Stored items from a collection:
────────────────────────────────────────

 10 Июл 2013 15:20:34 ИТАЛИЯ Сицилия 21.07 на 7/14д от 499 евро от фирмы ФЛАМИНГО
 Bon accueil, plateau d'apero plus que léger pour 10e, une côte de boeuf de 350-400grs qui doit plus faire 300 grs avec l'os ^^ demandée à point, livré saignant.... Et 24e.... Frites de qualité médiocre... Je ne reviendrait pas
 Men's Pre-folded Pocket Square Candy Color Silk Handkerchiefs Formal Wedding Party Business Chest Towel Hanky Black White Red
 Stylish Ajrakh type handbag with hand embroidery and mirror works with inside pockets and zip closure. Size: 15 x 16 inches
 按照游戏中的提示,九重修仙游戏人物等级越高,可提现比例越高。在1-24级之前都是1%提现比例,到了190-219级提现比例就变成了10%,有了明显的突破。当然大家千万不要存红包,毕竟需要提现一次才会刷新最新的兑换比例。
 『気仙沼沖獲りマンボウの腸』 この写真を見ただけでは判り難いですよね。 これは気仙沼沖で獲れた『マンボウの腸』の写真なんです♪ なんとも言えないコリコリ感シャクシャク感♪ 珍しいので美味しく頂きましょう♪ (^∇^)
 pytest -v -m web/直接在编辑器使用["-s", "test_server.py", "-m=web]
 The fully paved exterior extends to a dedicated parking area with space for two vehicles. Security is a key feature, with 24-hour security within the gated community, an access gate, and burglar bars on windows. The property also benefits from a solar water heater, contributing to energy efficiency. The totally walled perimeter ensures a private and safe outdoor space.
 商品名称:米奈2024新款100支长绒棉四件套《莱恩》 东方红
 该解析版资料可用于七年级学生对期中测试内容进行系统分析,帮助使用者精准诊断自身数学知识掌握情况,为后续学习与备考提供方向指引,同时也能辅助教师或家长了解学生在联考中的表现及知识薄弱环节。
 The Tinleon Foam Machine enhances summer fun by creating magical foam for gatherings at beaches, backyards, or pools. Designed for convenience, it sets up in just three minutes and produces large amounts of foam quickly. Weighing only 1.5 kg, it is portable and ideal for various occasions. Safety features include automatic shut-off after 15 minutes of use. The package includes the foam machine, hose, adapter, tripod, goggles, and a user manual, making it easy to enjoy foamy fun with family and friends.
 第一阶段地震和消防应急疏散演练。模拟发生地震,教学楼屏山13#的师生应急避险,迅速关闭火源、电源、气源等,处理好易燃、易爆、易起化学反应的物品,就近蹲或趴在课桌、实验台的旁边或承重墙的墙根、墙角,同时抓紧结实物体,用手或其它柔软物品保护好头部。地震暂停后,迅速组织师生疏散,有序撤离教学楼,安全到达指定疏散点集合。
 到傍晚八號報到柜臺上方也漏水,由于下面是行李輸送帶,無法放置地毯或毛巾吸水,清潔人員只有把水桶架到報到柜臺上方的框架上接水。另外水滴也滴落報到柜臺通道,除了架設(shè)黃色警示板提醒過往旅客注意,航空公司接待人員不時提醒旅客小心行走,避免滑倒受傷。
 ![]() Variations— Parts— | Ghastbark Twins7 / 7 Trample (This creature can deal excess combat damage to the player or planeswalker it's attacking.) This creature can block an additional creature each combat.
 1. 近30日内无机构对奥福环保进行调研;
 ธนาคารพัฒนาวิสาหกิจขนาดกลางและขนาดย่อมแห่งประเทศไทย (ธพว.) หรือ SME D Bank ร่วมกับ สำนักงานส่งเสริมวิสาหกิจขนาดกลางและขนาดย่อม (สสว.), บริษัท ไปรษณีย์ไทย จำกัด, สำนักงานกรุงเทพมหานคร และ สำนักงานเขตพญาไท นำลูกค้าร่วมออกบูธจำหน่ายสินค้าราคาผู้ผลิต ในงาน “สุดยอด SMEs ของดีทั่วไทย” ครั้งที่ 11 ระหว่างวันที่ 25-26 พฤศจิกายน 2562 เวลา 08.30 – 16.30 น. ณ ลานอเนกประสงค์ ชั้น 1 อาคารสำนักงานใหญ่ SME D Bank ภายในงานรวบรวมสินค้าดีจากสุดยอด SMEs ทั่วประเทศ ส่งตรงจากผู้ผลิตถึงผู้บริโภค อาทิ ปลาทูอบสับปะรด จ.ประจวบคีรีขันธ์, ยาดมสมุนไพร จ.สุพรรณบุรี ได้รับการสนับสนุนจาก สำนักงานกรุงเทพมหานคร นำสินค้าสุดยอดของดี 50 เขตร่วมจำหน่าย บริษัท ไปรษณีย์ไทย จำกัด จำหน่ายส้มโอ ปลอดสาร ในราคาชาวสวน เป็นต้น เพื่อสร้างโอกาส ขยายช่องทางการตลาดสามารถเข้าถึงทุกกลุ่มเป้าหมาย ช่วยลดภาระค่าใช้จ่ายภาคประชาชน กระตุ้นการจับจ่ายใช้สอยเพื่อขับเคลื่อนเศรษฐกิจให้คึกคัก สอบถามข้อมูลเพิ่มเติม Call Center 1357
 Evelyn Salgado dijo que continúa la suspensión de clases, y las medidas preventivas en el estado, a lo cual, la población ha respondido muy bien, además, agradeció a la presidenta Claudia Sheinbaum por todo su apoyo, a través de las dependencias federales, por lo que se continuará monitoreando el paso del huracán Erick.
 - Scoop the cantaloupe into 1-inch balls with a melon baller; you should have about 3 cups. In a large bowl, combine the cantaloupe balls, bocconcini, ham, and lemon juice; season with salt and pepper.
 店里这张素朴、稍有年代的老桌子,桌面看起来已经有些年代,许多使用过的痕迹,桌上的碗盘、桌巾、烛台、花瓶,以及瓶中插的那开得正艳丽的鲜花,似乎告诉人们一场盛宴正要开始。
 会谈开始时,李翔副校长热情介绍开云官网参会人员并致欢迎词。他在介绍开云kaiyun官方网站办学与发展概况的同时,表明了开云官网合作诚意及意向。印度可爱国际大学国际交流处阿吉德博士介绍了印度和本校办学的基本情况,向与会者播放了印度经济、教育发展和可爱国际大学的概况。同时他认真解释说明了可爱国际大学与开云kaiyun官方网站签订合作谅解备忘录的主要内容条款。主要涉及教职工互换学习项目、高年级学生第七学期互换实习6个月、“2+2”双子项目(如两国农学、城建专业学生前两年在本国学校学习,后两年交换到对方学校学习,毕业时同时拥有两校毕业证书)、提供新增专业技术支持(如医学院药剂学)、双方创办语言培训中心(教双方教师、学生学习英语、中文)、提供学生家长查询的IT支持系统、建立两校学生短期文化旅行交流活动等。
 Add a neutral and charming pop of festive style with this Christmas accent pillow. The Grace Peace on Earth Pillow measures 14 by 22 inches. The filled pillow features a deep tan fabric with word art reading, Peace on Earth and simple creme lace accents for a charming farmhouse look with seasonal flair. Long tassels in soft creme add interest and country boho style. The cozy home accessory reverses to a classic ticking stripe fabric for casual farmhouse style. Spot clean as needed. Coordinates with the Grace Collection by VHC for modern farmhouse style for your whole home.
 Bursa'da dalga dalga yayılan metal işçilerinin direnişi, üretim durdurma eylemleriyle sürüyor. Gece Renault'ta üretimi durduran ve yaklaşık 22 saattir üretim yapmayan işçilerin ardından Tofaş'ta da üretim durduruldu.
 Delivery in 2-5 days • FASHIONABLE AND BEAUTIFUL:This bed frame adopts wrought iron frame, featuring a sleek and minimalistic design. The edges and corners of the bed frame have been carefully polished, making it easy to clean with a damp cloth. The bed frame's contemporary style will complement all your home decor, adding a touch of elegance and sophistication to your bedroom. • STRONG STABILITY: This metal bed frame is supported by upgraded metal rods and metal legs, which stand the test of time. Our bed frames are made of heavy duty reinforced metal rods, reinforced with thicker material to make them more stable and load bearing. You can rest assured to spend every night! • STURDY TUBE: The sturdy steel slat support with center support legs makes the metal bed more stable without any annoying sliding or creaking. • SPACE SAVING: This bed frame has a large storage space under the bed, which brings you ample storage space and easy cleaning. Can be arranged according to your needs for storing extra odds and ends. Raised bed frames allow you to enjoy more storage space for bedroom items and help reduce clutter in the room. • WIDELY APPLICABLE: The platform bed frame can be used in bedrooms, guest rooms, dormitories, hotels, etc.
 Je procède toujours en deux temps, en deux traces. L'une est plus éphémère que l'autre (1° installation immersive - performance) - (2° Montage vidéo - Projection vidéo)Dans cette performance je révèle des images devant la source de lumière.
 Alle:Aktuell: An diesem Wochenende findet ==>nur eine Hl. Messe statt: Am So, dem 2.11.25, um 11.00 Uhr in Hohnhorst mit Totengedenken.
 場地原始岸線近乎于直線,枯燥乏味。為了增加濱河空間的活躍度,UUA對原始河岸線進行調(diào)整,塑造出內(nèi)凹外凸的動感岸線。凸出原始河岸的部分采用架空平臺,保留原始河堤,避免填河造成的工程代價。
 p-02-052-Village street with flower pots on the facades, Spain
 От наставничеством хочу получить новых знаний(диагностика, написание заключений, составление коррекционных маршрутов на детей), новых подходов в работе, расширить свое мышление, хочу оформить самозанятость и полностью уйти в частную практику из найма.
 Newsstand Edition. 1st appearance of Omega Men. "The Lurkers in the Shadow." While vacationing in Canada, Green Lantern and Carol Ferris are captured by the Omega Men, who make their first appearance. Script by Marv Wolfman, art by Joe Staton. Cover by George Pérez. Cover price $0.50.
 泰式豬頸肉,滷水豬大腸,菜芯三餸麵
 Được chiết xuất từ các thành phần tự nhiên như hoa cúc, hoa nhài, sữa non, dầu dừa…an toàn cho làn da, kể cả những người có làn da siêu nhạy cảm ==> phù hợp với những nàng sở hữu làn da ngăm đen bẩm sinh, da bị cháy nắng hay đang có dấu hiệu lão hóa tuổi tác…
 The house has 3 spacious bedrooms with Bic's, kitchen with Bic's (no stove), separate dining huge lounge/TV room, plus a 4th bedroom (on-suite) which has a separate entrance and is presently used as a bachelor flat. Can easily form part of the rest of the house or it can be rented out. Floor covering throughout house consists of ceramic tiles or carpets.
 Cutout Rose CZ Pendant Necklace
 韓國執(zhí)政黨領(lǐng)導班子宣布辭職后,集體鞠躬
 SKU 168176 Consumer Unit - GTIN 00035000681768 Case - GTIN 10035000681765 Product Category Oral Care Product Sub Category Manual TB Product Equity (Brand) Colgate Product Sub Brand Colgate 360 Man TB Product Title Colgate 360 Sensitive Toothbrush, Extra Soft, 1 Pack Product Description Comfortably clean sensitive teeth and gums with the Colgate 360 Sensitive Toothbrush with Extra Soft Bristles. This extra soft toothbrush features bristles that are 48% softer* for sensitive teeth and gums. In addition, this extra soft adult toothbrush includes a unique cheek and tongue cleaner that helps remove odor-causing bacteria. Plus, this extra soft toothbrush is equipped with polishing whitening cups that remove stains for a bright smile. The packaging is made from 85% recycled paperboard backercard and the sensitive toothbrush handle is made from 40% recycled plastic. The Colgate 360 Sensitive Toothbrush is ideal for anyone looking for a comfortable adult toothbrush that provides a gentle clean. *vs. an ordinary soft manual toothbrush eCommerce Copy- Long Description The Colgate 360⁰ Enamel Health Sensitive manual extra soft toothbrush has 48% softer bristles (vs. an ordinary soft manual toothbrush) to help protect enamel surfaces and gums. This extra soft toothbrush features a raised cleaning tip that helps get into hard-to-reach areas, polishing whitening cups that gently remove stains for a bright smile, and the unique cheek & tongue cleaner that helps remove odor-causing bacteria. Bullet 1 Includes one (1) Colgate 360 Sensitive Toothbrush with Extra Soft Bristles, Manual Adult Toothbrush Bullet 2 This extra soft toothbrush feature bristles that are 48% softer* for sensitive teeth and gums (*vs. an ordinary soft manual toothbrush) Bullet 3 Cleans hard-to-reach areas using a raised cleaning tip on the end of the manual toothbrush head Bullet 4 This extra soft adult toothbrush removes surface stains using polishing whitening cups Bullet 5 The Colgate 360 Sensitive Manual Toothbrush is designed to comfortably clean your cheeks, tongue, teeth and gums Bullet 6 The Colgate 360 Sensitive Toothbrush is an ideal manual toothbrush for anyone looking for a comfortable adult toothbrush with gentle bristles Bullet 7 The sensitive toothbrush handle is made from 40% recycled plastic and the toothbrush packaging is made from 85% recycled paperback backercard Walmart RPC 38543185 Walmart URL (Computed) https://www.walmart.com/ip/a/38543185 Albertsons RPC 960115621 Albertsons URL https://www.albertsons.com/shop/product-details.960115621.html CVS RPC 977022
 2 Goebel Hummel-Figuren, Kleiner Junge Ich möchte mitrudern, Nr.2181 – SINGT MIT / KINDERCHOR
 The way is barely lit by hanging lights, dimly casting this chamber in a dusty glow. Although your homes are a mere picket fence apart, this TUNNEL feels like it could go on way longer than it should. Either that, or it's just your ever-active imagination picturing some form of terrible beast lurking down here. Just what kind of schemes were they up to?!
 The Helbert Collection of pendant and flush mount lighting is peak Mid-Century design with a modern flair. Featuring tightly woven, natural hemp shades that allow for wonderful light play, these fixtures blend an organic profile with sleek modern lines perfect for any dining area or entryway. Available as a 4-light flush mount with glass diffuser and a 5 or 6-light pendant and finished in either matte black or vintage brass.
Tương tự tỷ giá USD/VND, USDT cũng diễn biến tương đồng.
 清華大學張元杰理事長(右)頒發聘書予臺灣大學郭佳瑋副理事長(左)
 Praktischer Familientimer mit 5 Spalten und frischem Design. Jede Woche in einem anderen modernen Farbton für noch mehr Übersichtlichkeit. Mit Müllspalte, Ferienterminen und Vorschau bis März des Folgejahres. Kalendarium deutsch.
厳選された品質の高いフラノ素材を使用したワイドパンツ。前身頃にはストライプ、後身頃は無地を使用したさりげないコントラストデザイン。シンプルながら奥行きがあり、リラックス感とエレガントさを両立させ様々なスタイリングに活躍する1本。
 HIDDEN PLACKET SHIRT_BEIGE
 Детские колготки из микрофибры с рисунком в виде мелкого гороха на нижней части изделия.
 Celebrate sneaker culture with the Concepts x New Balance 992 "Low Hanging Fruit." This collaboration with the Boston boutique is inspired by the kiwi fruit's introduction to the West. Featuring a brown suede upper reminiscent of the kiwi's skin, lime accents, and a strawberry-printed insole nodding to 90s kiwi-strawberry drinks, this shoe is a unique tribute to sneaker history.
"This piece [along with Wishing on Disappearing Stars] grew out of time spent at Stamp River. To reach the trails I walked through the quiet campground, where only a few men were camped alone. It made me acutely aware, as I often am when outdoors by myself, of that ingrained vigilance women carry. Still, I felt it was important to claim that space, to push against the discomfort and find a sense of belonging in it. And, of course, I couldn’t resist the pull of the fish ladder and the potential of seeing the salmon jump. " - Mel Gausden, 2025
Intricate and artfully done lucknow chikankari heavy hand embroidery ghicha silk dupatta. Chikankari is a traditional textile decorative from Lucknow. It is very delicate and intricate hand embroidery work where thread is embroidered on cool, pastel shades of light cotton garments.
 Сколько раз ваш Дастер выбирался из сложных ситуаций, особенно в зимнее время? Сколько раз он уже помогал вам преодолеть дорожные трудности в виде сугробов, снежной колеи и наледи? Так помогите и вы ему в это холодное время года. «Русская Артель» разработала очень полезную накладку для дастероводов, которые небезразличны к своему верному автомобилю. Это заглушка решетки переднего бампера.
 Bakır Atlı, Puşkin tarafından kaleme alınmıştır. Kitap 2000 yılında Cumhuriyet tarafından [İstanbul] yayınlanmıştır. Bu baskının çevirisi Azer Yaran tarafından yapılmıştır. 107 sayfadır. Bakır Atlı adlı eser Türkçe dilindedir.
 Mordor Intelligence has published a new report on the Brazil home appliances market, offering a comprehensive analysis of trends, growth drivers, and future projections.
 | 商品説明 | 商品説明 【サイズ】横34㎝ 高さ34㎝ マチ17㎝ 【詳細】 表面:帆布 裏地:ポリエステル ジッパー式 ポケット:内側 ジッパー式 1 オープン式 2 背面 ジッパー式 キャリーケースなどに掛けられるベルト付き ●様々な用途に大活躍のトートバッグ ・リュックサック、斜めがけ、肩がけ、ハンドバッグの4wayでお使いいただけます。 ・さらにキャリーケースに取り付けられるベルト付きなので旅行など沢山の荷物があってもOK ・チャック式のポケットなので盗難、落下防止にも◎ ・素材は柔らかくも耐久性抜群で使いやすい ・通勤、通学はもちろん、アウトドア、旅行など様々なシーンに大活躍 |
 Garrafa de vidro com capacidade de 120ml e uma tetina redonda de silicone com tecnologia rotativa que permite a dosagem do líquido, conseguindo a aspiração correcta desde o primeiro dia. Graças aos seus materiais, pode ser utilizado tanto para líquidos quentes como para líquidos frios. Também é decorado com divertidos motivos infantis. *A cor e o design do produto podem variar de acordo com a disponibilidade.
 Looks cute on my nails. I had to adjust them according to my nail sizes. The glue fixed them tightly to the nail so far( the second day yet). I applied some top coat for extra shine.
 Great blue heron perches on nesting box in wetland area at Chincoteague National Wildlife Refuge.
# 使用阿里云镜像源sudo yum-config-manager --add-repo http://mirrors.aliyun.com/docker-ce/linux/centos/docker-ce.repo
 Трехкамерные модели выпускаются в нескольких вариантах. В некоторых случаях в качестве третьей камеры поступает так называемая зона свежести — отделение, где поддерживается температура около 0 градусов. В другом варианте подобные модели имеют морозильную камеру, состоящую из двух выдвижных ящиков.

────────────────────────────────────────

In the data above, find the line that contains "なんとも言えないコリコリ感シャクシャク感♪ 珍しいので美味しく頂きましょう♪ (^∇^)" and the line that contains "该解析版资料可用于七年级学生". Repeat exactly those lines and every line between them, and only those.

- [Final answer]:
 『気仙沼沖獲りマンボウの腸』 この写真を見ただけでは判り難いですよね。 これは気仙沼沖で獲れた『マンボウの腸』の写真なんです♪ なんとも言えないコリコリ感シャクシャク感♪ 珍しいので美味しく頂きましょう♪ (^∇^)
 pytest -v -m web/直接在编辑器使用["-s", "test_server.py", "-m=web]
 The fully paved exterior extends to a dedicated parking area with space for two vehicles. Security is a key feature, with 24-hour security within the gated community, an access gate, and burglar bars on windows. The property also benefits from a solar water heater, contributing to energy efficiency. The totally walled perimeter ensures a private and safe outdoor space.
 商品名称:米奈2024新款100支长绒棉四件套《莱恩》 东方红
 该解析版资料可用于七年级学生对期中测试内容进行系统分析,帮助使用者精准诊断自身数学知识掌握情况,为后续学习与备考提供方向指引,同时也能辅助教师或家长了解学生在联考中的表现及知识薄弱环节。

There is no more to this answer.